Рамона долго, растягивая удовольствие, наслаждаясь каждым кусочком, ела банан, мечтала бежать в Америку со своим возлюбленным и косилась на Франца, словно это с ним она хочет бежать. Он улыбался ей в ответ, хотя ее улыбка предназначалась не ему, и печатал дальше.
В последнее время они почти нигде не бывали.
Чаще всего они сидели в этой комнате, лишь изредка выбираясь к друзьям и родственникам, в их убогие жилища, или в зоопарк.

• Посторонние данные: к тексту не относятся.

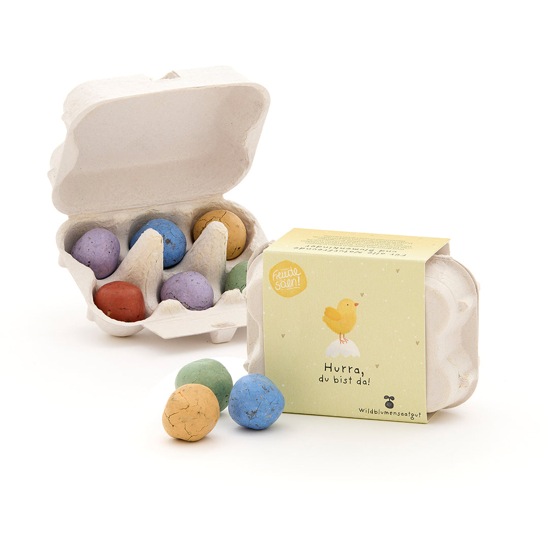 Tolles Geschenk zur Geburt: Die 6 bunten Blumenmurmeln im Mini-Eierkarton mit der Aufschrift "Hurra, du bist da" sind eine zauberhafte Geschenkidee für frischgebackene Eltern, Großeltern oder im Wochenbett, die in Erinnerung bleibt.
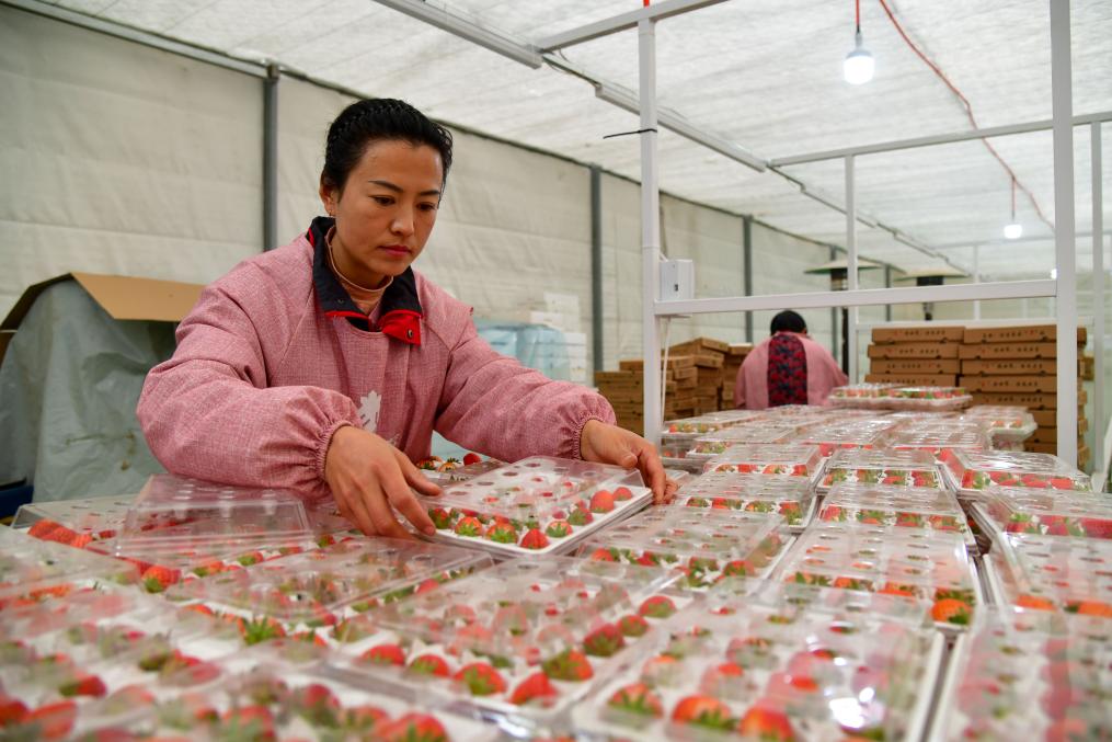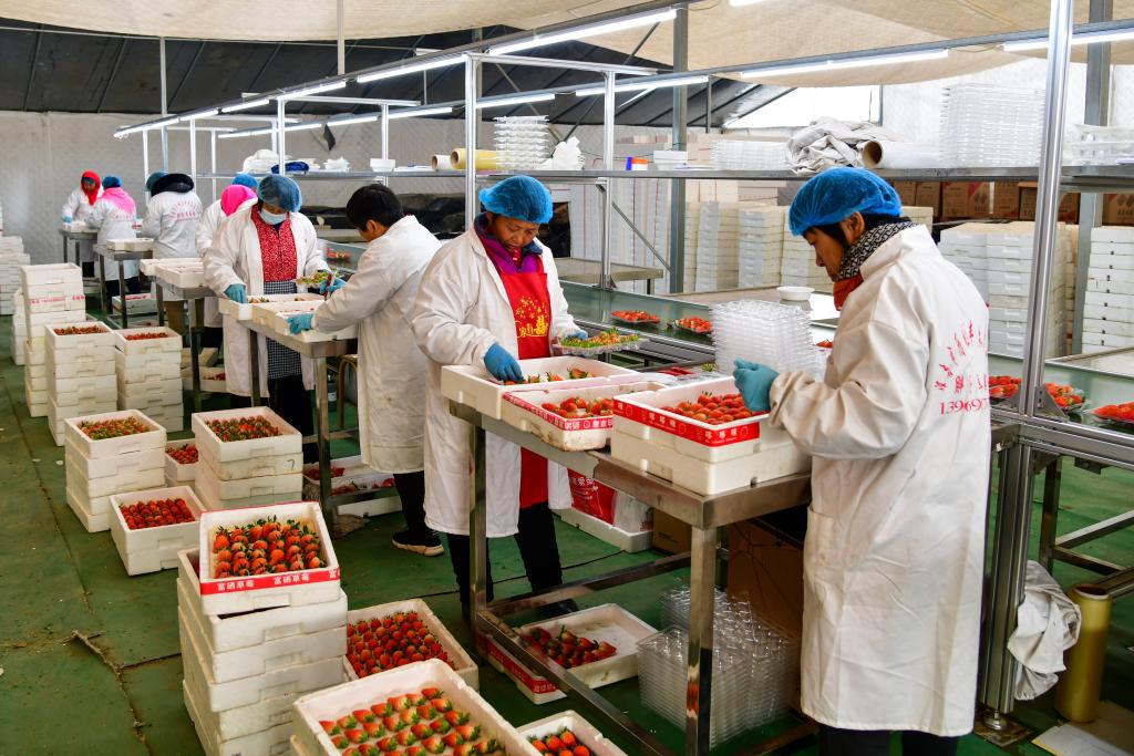 1月15日,在济南市历城区董家街道一处草莓种植园内,员工在分拣包装新鲜草莓
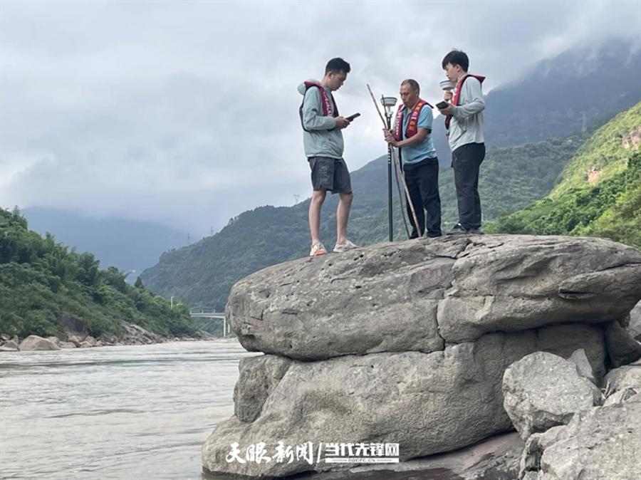 申学良(中)和共事在赤水河滨测量。
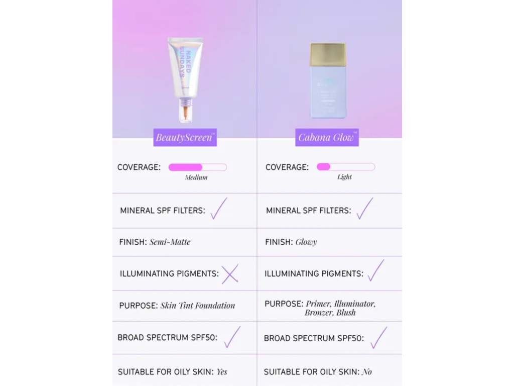 Predstavujeme vám BeautyScreen™ SPF50 Skin Tint, tónovaný makeup od Naked Sundays, vaše nové tajomstvo žiarivej a chránenej pleti. Tento ultraľahký make-up s efektom druhej kože poskytuje prirodzené, vrstviteľné krytie od ľahkého po stredné a je dostupný v 5 flexibilných odtieňoch, ktoré sa prispôsobia každému tónu pleti. Zároveň chráni pleť s minerálnym SPF50 bez nanočastíc pred UVA, UVB, modrým svetlom aj infračerveným žiarením.
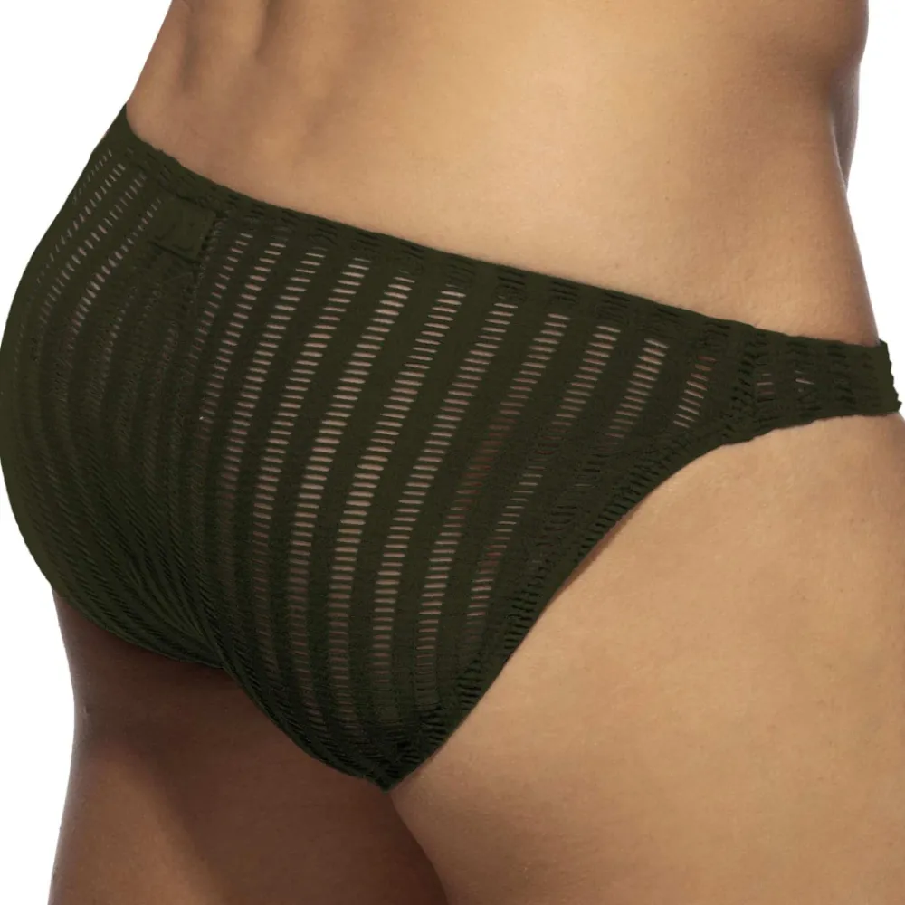 Slip taille basse très sexy et confortable en résille à maillage large. Non doublé pour une grande transparence. Coupe minimaliste et très sexy. Poche frontale moulée sans couture pour un confort optimal. Logo AD en silicone à l’arrière.
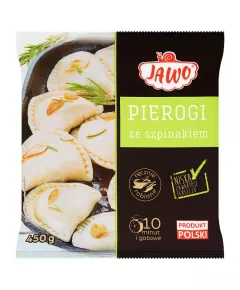 Dane produktowe Jawo Pierogi ze szpinakiem 450 g Uwaga! Produkt jest wykonany ręcznie i może się nieznacznie różnić wielkością i kształtem. Składniki: mąka PSZENNA, szpinak 28 %, woda, SER twarogowy 12 %, błonnik PSZENNY bezglutenowy, olej rzepakowy, przyprawy, sól, suszone warzywa...
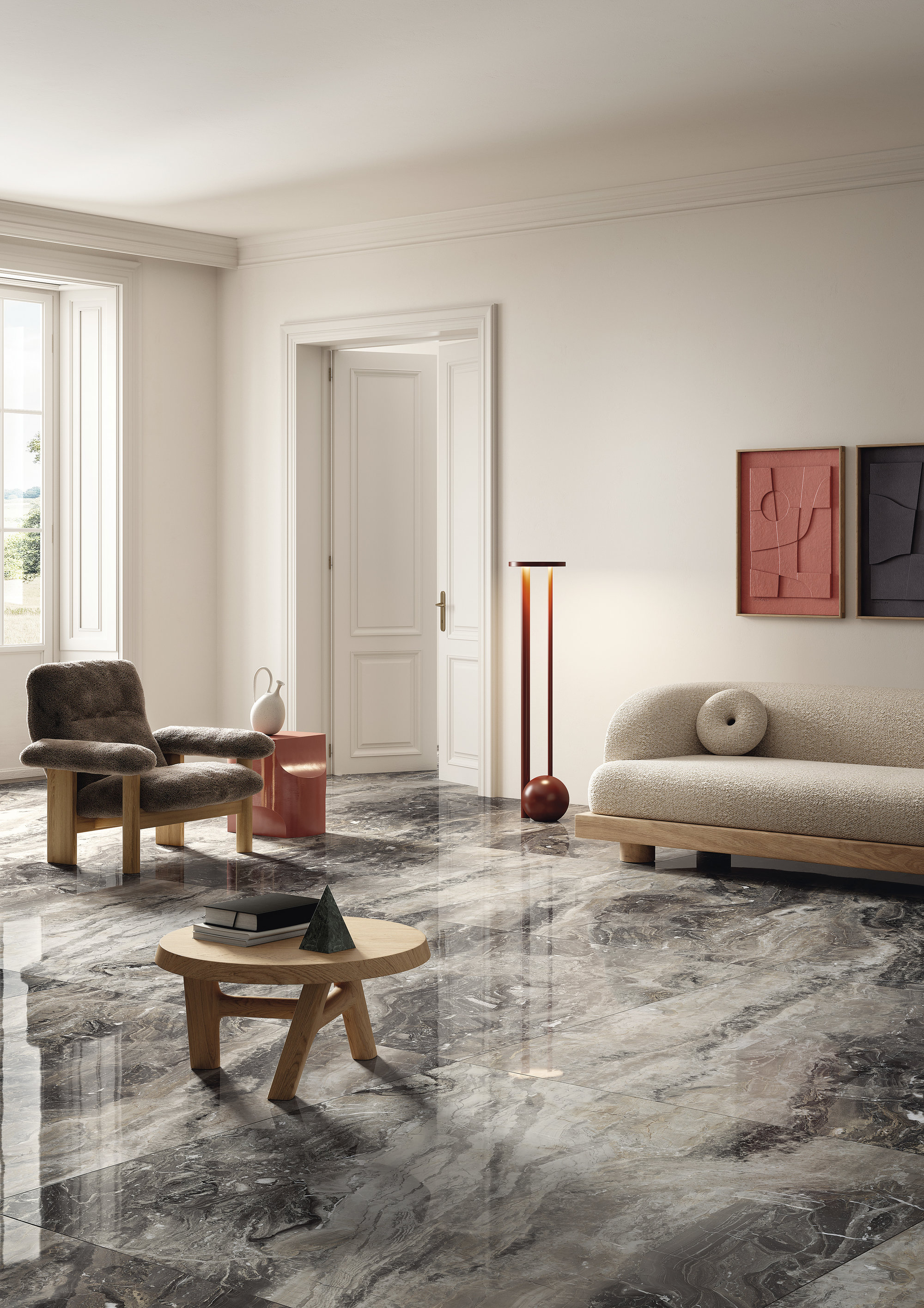Shades of white, combined with varying tones of gray and brown and subtle ochre hues, give Orobico Arabescato a lively and sinuous appearance. The polished finish highlights this surface in all its preciousness; also available in an open-vein (book-match) version, Arabescato Orobico is the ideal choice for prestigious architecture and interiors, whether residential, commercial, or public. In addition to flooring and wall applications, it can also be used to customize furnishings and architectural details.

Серая Гавана, обветшавшие, полуразрушенные дома, но, когда проезжаешь мимо, краем уха слышишь песни. Мимо дома Лесамы Лимы. Туристы в такие места не заглядывают. Франц печатал на своем ноутбуке сопроводительные тексты для фоторепортажа, который он собирался отдать в какой-нибудь журнал. Сначала он хотел было опубликовать в журнале «Море» самые красивые фотографии, в том числе из зоопарка, но теперь почти не снимал, а если и снимал, то Рамону, и далеко не все ее фотографии предназначались для посторонних глаз.
В зоопарке Франц вдруг вспомнил, чему его учили в школе в Фельдкирхе. Он не мог согласиться с тем, что говорили ему тамошние учителя о человеке. Преподаватель латыни, описывая бесконечные сражения, стремился доказать, что человек выше животных. Ведь человек — существо разумное, это, по мнению преподавателя латыни, доказывают исторические труды Ливия[73], военные мемуары Цезаря[74] и низкопробный роман Светония[75]. Преподаватель Закона Божьего патер Ансельм Хоэнштайн в особенности настаивал на примате человека над приматами. Впрочем, Франц тоже неоднозначно относился к мнению вульгарного Дарвина, которого сейчас, в Гаване, как раз перечитывал, о том, что человек якобы происходит от обезьяны. Преподаватель Закона Божего говорил, что человек наделен бессмертной душой. И совестью. К преподавателям латыни и Закона Божьего присоединялся преподаватель немецкого, со своей стороны утверждавший, что человек одарен речью. Им вторил преподаватель биологии, учивший, что человека отличает от животных вертикальное положение тела и хождение на двух ногах. Обо всем этом Францу твердили еще в Вене, а потом в частной школе, и так всю жизнь. Однако Франц в конце своего долгого путешествия чувствовал, что, несмотря на все усилия, учителя и воспитатели его не убедили: ему казалось, что он не превосходит животных, он в крайнем случае такой же, как они. К тому же он полагал, что за сорок лет так и не стал существом разумным. Да и весь мир, в его представлении, был неразумным, начиная с Адама и Евы, их сына-убийцы Каина и Авеля, жертвы Каина, и кончая его матерью с ее венскими фантазиями на тему лжи в бывшем еврейском дворце на Рингштрассе, с ее последними мрачными догадками под сенью Зигмунда Фрейда. История человечества изначально была историей убийц и их жертв. Бессмертной души у него, возможно, тоже не было. Да и зачем ему бессмертная душа? Разве просто души не хватает?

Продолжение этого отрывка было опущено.